Both communism and some forms of socialism have also argued that private property is inherently illegitimate. This argument is centered mainly on the idea that the creation of private property will always benefit one class to another, giving way to domination through the use of this property. The communists are naturally not opposed to the property that is hard-won, gained autonomy, self-perceived "(Communist Manifesto), by members of the proletariat.

Any person or entity with an interest in a piece of property may be able to exercise all the rights mentioned a few paragraphs above. For example, as a tenant of a particular piece of property, you are not authorized to sell the property, because the tenant is in possession only, and do not have title transfer.

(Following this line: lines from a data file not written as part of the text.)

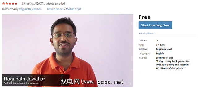 这门免费课程提供了不到9个小时的精彩内容,它将教您创建自己的Java所需的知识Android应用和如何在Play商店中分发它们。涵盖的主题包括事件处理,界面设计,通知等。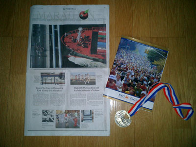 みんなありがとう!感謝します。 NYCマラソンの抽選に幸運にも当選して4回目のニューヨークシティマラソンを走ることができた。 タイムは思っていたものではなかったけれど、支えてくれた多くのボランティアの人たち、励ましの言葉をかけてくれた沿道のひとたち、世界中から集まったランナーたちに支えられての完走だった。 人種の違いや言葉の違い、宗教の違いを乗り越えて、26.2マイル(42..195キロ)を走りにニューヨークの街にやってきたランナーたちみんなが、世界の平和を願っていると思いたい。 翌朝のニューヨークタイムズのトップは、アメリカ軍がファルージャ病院を占拠し医者が後手でロープで縛られている写真が載っている。そしてマラソン特集ページには、スタテン島にかからベラザノなローズブリッジを走るトップランナーと橋の下を通過しようとしている船のコントラストが美しい写真だ。 戦争と100カ国からランナーが集まるNYCマラソン。なんという対比なんだろうと思った。 ランナーの中には、夫がファルージャに行っているという女性もいたようだ。 ニューヨークタイムズに載っていたあるランナーの言った言葉。 Sure, everything hurts. But that's just part of the marathon's charm. 本当にマラソン走った後は、もうだめーっていうほどつらいけど、そんな風になるのもまたマラソンの魅力の一つなのかもしれない。 でも、マラソンでなら、こんな風に思えるけれど・・・・。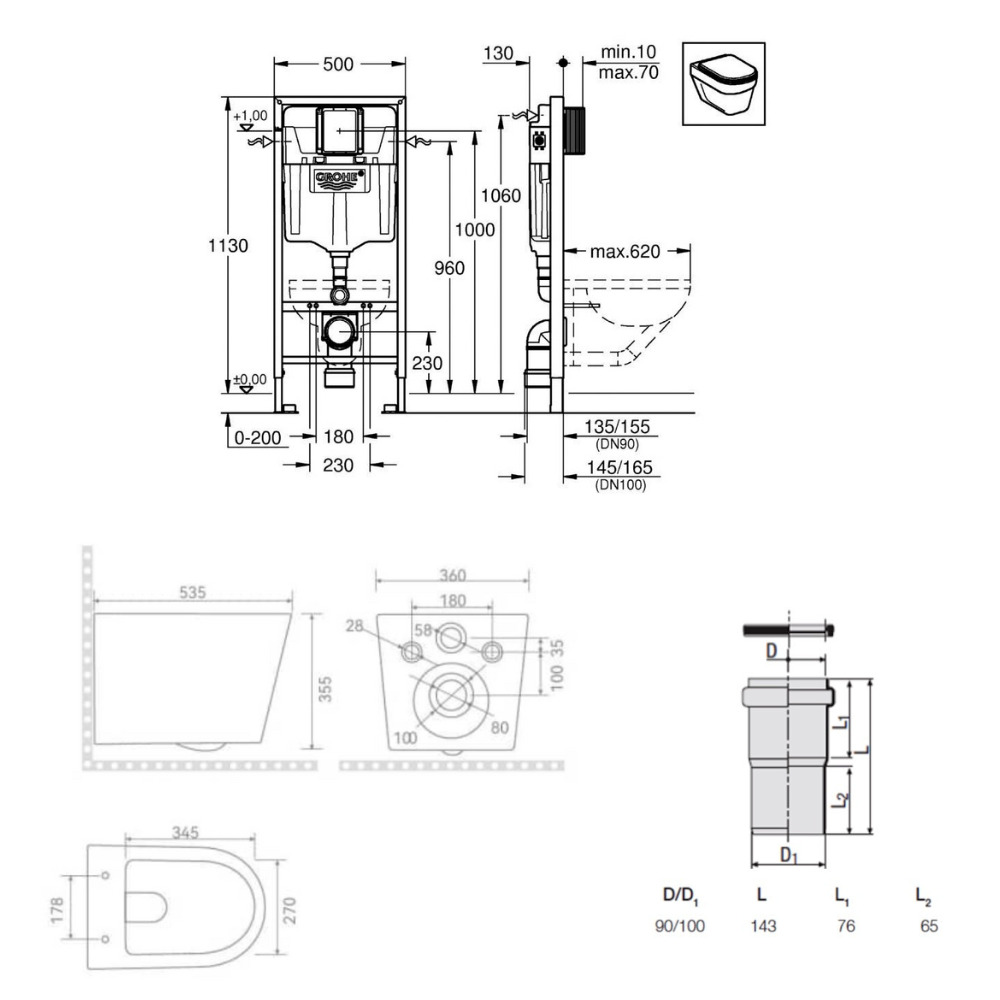 Caractéristiques du pack WC bâti-support Grohe Rapid SL + WC suspendu sans bride Ceramia + plaque noire mat (RSLCETORKF0) :
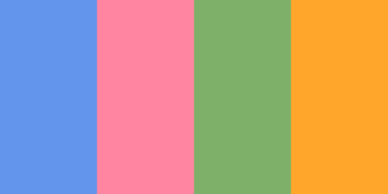 This palette features a vibrant blend of colors that evoke feelings of nature and warmth. The Cornflower Blue brings a refreshing feel, while the Light Pink adds a soft touch. The Medium Sea Green complements the palette with a natural element, and Sunset Orange introduces a vibrant pop of color.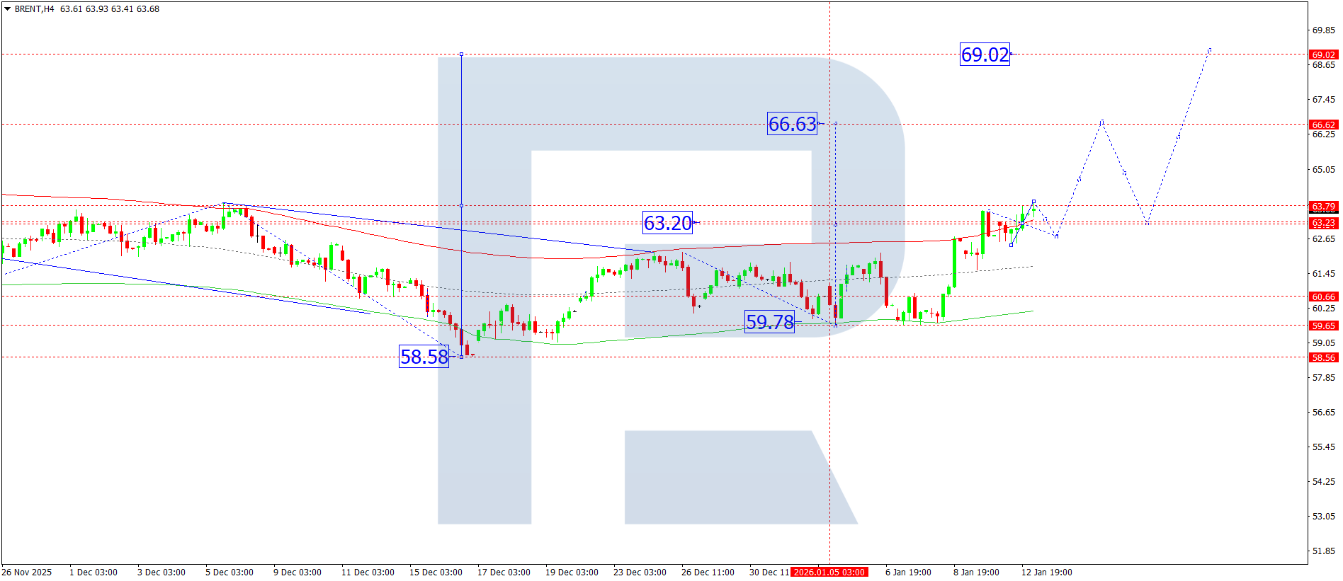 บนกราฟ H4 ของ Brent ตลาดได้เสร็จสิ้นคลื่นขาขึ้นไปยังระดับ 63.80 วันนี้ 13 มกราคม 2026 คาดว่าจะเกิดขาปรับฐานลงสู่ 63.00 และการก่อตัวของช่วงการแกว่งตัวแบบสะสมกำลังบริเวณระดับดังกล่าว หากราคาทะลุลงต่ำกว่าช่วงนี้ อาจขยายการปรับฐานลงไปยังระดับ 61.70 ในทางกลับกัน หากทะลุขึ้น จะเปิดโอกาสให้เกิดคลื่นขาขึ้นไปยังระดับ 66.66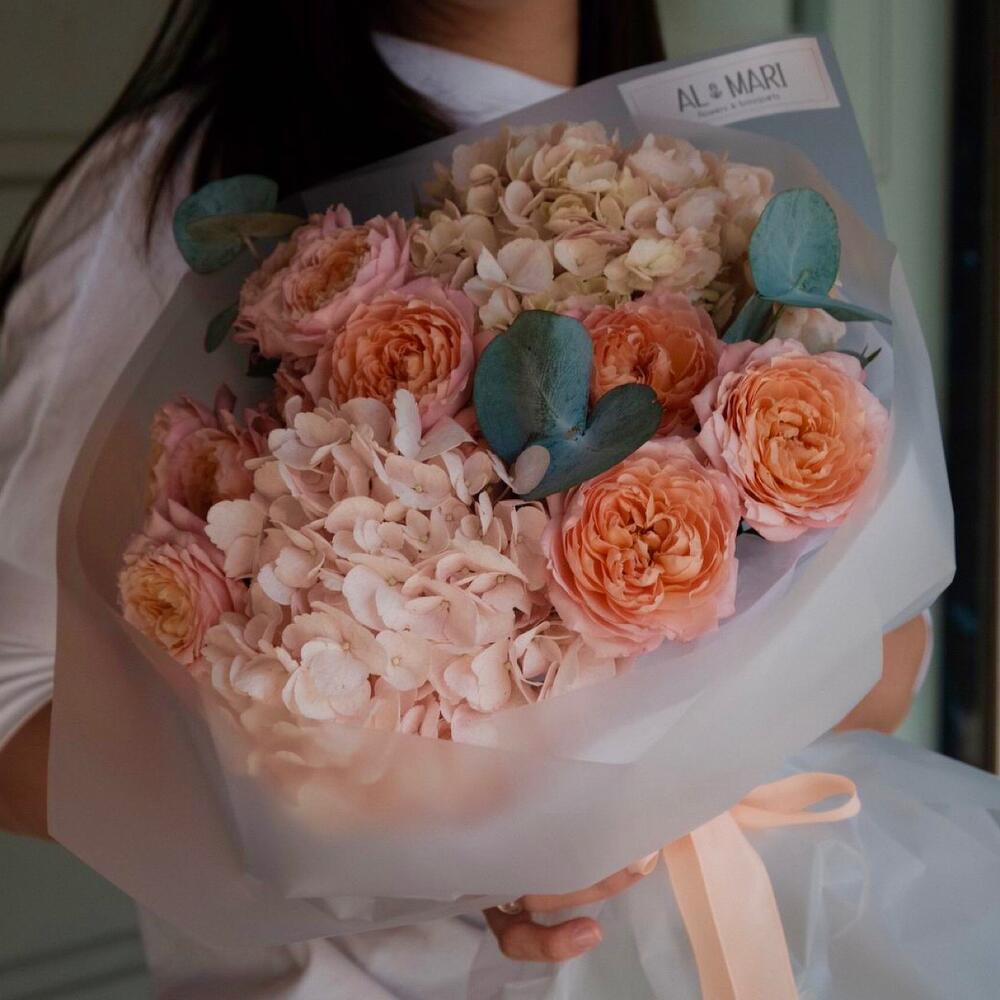 Гвоздики, Кустовые розы, Лизиантусы, Пионовидные розы, Розы

Similarly, while you are a tenant, the landlord can not use its right to exclude to keep you from the property. (Or, if he or she does you may be entitled to stop paying rent or perhaps sue to regain access.)

In addition, the property may be held in a number of forms, such as common property, community property, the ownership, leasing,… These different types of ownership may complicate an owner's ability to perform his rights unilaterally. For example, if two people own a single piece of land as co-tenants, then under the law of the jurisdiction, each may have limited recourse for the actions of the other. For example, one of the owners may sell its interest in the property of a foreigner as the other owner is not particularly.